Sudan faces deadly clashes, humanitarian crisis as WFP stops operations

Sami Hegazi
3 Min Read

About 35 people died on Friday and more than 150 Sudanese were injured in air raids on Omdurman, a city in the Sudanese capital, and Nyala in the western Darfur region. In Omdurman, an air raid killed six people from one family in the Al-Salha neighborhood.

The Democratic Observatory for Human Rights in Darfur (a legal body) blamed Air Forces for the bombing of Nyala, saying it launched four airstrikes on residential areas, killing and injuring dozens.

The Observatory said that nine people, including children and women, died in one area alone, and many others were killed and injured in other areas of the city, which has been under the control of the Rapid Support Forces (RSF) for about two months.

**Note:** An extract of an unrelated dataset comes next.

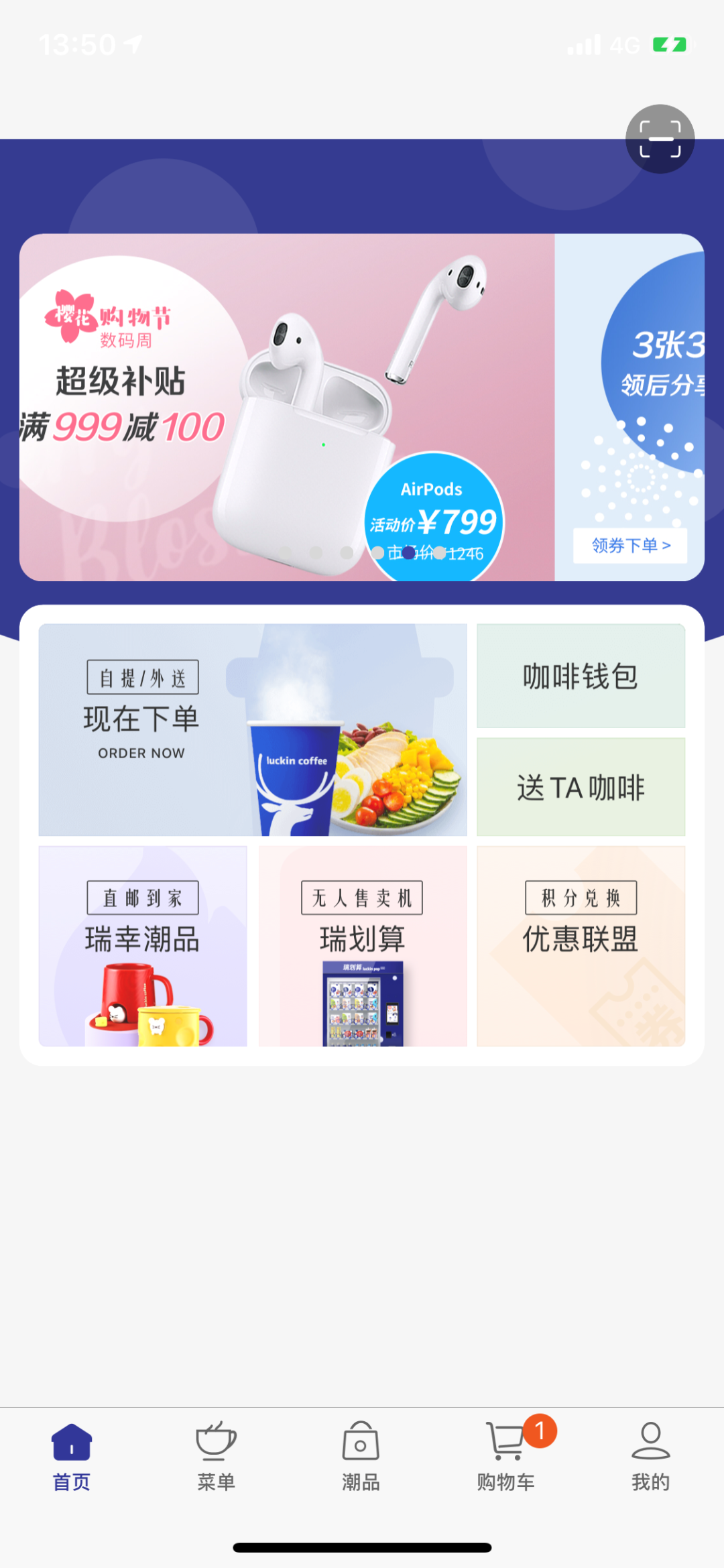 4月3日中午,不少网友发现瑞幸咖啡APP和小程序崩了。

The attacks intensified on Thursday and Friday between the Sudanese army and the RSF in several parts of the capital and other cities in Darfur, leading to a severe humanitarian situation.

The states of Northern, Eastern, and Central Sudan are seeing widespread recruitment and mobilization campaigns and arming civilians to support the army against the possible expansion of the RSF to new states after it took over the whole Gezira state.

The Foreign Minister of Djibouti, Mahmoud Ali Youssef, said that Djibouti is hosting a vital meeting for the Sudanese dialogue as the chair of the current session of the Intergovernmental Authority on Development (IGAD).

“Next week, Djibouti, as the president of IGAD, will facilitate the Sudanese dialogue and host the chair of the Sudanese sovereignty council, Abdel Fattah al-Burhan,” the Djiboutian minister wrote on his page on the X platform.

The Sudanese Foreign Ministry said that the government of Sudan regrets the delay of the rebel militia in listening to reason and its refusal to stop the destruction of Sudan and its people. It stressed that Al-Burhan was eager to meet with Hemeti to end the Sudanese suffering caused by the militia rebellion.

Because of the clashes in Wad Madani, Gezira state, the United Nations World Food Programme (WFP), and Doctors Without Borders have suspended their operations in Gezira state, which threatens to worsen the humanitarian crisis in Sudan.

The WFP said in a statement on Saturday that it had to stop delivering aid in the state after a warehouse with enough supplies for 1.5 million people for a month was looted.